2022-06-02

The Bear Market Hasn't Even Begun

Or why sentiment is still extremely bullish.

Yahoo: Investor fears set the table for an 'echo bubble' down the road

"I think sentiment is starting to set up as a contrarian movement with [the latest University of Michigan survey data] added to it," Sonders said, referencing her earlier tweet noting consumer expectations for stock prices are at a six-year low.

"I think [on] the behavioral side — what investors are actually doing — we're not quite there yet," Sonders adds.

Separately, a growing chorus of Wall Street analysts and traders are the sounding alarm bells on a final bear market capitulation. By implication, this means all rallies are suspect until the air clears. That may take time, as the Fed isn't likely to blink for at least a couple meetings.

On the flip side, not everyone is bearish and holding out for a final washout. Yves Lamoureux, president of Lamoureux & Co., maintains his longer-term bullish thesis for stocks into 2025.

"To me the price bottom is in. I do not expect another low in indices. The new bull market begins in earnest amid the chaos and massive panic as usual," he wrote to Yahoo Finance in a note.

Lamoureux sticks by his thesis that the 40-year trend lower in interest rates is not over — and that there will be a new deflationary scare. This will force the Fed to pivot as the economy slows, with lower rates inciting a new tech bubble trade. Or so goes the theory.

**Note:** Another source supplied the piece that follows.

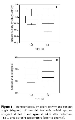 In the present study, there were no statistically significant differences in the ciliary transportability or contact angle of the mucoid sputum after 24 h at room temperature. We believe that the lack of alteration of the sputum properties was due to the small number of inflammatory cells, bacteria and enzymes present in the sputum of individuals without pulmonary diseases,(16) in addition to the fact that the method of collection results in little contamination by saliva.

"If correct, we will see a dramatic shift of fear to FOMO, especially in tech stocks," Lamoureux writes. "They're long duration assets and they'll rally hard once market participants see rates trending lower. The tech rally will be an 'echo bubble' of the previous recent one."

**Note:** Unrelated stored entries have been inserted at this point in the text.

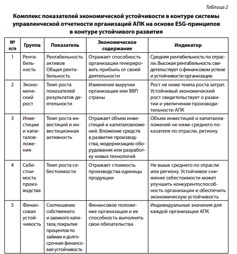 Показатели экономической устойчивости помогают оценить финансовую производительность и устойчивость организаций АПК. Они позволяют оценить финансовую устойчивость, эффективность использования ресурсов и конкурентоспособность организаций в рамках устойчивого развития АПК на основе ESG-принципов.
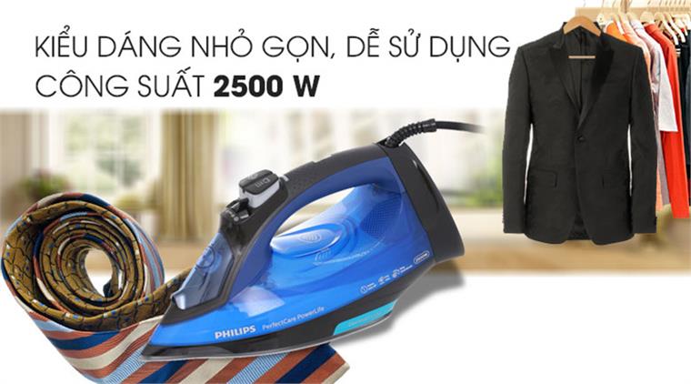 Bàn ủi công suất mạnh mẽ 2500W gia nhiệt tức thì, ủi hiệu quả mọi vết nhăn cứng đầu.
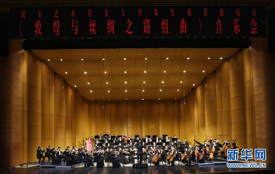 《敦煌與絲綢之路組曲》由俄羅斯作曲家布列沙克·維克多·瓦西里耶維奇創(chuàng)作,分為《朝圣敦煌》《祝福綠洲》《莫高圣禮》《藝術(shù)圣殿》《絲路情歌》《古道回聲》《海上絲路》《力與速度》和《和平萬歲》九個(gè)樂章。組曲追溯古代絲綢之路的繁榮昌盛,歌頌“一帶一路”倡議背景下今日絲綢之路的和平崛起,暢想未來絲綢之路的輝煌盛景。新華網(wǎng)發(fā)(薛強(qiáng) 攝)

Perhaps not a market for the herd to fear, after all.

Lamoureux's framework is logical. He's saying this is another correction within the 2009-??? bull market and that the conditions that produced the deep corrections of 2011, 2015, 2018 and 20202 are still operating. None of those were bear markets though, and neither is this correction if the low is in.

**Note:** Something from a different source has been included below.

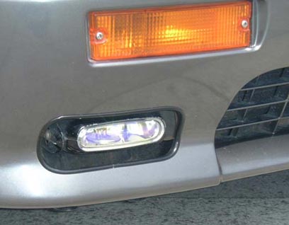 フォグランプは極東の品。CARAのブラケットを使って取りつけています。バンパーには最小限の穴。
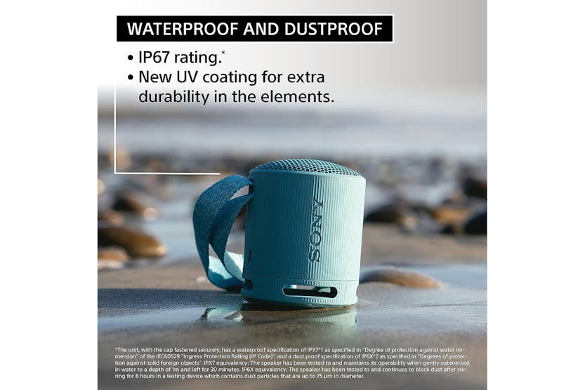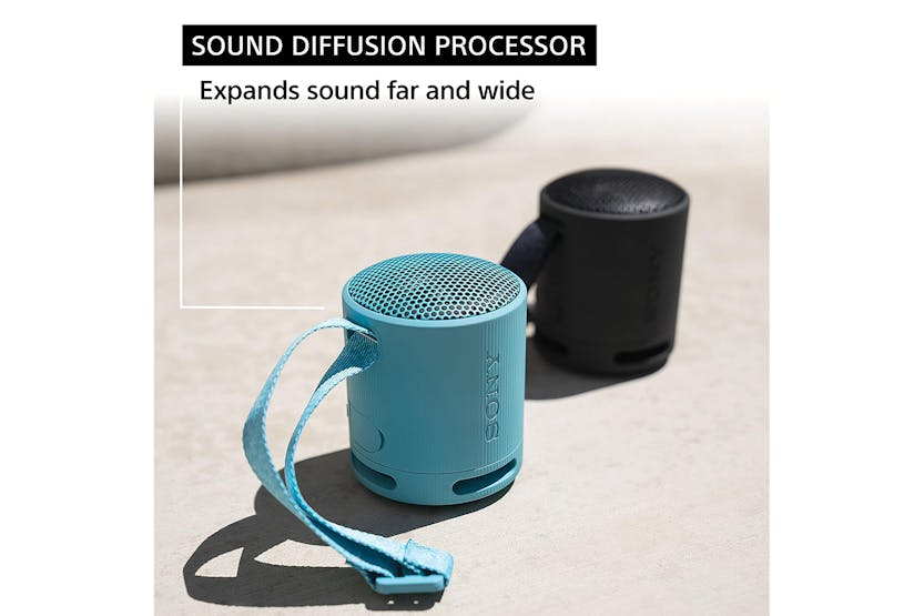 Description Powerful sound in a portable, durable body. Packed with technology to enhance music and filled with usability features, this is a little speaker ready to fit into big lives. The SRS-XB100 speaker provides powerful, clear, expansive sound in a small, portable and durable body. Despite its size, it's packed with technology, including a Sound Diffusion Processor for spreading sound, a passive radiator for deeper bass and an off-centre diaphragm for a clear sound, even at high volumes. Powerful and Clear Sound Packed Into the Compact Body Music is the soundtrack to our lives, and we want you to be able to enjoy your tunes wherever you are. So we’ve packed powerful, clear sound into a portable body. If you love good music and listening with friends, the XB100 is your perfect partner. Send the Sound Around with the Sound Diffusion Processor Don't be fooled by its compact shape, this little speaker packs impressive surround sound. The Sound Diffusion Processor expands sound in any space, with its DSP technology. Listening Outside? No Problem Waterproof and dustproof with an IP67 rating, this speaker is just as good outside as it is inside. Take it to the pool, river or park, and you can listen to your music while you and your friends enjoy the sun. Better Call Quality with Echo Cancelling Need to make a call? No problem. Whether you’re at home or out and about, the built-in microphone lets you enjoy hands-free calling straight through your speaker. And you can count on better, clearer calls with Echo Cancelling, which allows two people to talk at the same time without cutting off either of them. Bluetooth Connection and Fast Pair In one tap, the Sony XB100 enables quick effortless Bluetooth pairing with your Android devices. Passive Radiator for Powerful Sound A passive radiator works together with a full-range speaker to enhance low-end tones, giving bass a boost. Long Live Your Music The XB100 has up to 16 hours of battery life, so that you and your friends can listen to music all day and into the night. The remaining battery percentage shows clearly on your smartphone when the XB100 is connected, letting you know when it's time for a recharge. Aiming to Achieve a Zero Environmental Footprint Inspired by the beauty of the world, we are doing our part to help preserve the Earth while still offering a superior sound quality and listening experience. With a goal of achieving a zero environmental footprint across the entire Sony Group by the year 2050, we are accelerating numerous initiatives for the environment. Add an Extra Speaker for Stereo Sound If you want an even bigger sound, connect two XB100 speakers wirelessly for stereo sound that will spread even further. Keep it Clear with the Off-Centre Diaphragm The off-centre design and optimised weight balance enhance clarity, providing clear sound even at high volumes. A = Conventional diaphragm B = Off-centre diaphragm. Take it Wherever You Want The durable exterior and strap make this speaker ready for just about anything. Hang it from your backpack, from your wrist, or even from a tree when you’re out in the sun, and the downwards-facing speaker will project the sound down to where you are. Sustainability in Mind Our products are not only designed to be stylish but also with the environment in mind. The SRS-XB100 uses recycled plastic materials for its body and multiway strap. No plastics are used in the packaging material. All this reflects our commitment to reducing the environmental impact of our products and practices. USB Type-C Port You can charge the XB100 with the USB Type-C port. What's in the Box: Strap belt USB cable (A to C) Product Features: Hands free function Frequency range: 2.4GHz Power consumption: Approx.2.5W Input and output terminals: USB type-C (Charging Only) Read More

I think this time is different is because there has been no spike in the VIX despite five months of stock price declines. All the corrections since 2009 were sharp and swift. This one is more slow and plodding despite a few shocks. 

I also see investor complacency everywhere. I cannot say with 100 percent certainty that a bear market is underway because I do not know the future, but I can say with 100 percent certainty that the behavior of investors is 100 percent primed for a bear market. There has been no major rush for the exits. Most investors are sitting put and thinking this is another dip in the mold Lamoureux discusses. Maybe they get right one more time, who knows? 

Conditions have changed though: inflation is much higher than in any prior correction. There is no VIX capitulation spike, the put/call ratio remains elevated but with no spike, sentiment is increasingly bearish, but still extremely bullish on a long-term time frame.

I do think the inflation panic is overdone right here, but if I'm wrong about that, higher inflation will crater the market in the months ahead. The bigger risk is what I think is the more plausible bear scenario: inflation stays relatively high. Everyone looking for a Fed pause, pivot or return to 2009-2021 policy is assuming consumer inflation goes all the way back to 2 percent CPI. To get there will take a major deflationary event that sinks stocks. Without that, and without the CPI sliding much lower, inflation will settle higher than anticipated. Wage inflation will start breaking out as more workers demand double-digit pay increases to cover the multi-year rise in prices.

Bulls need inflation to collapse. They need inflation to collapse for a good reason, not a bad reason like a financial market panic, because stocks go down in that scenario. I don't see stocks going on to new highs or even going much higher at all with the S&P 500 Index already at 4120 as I'm typing.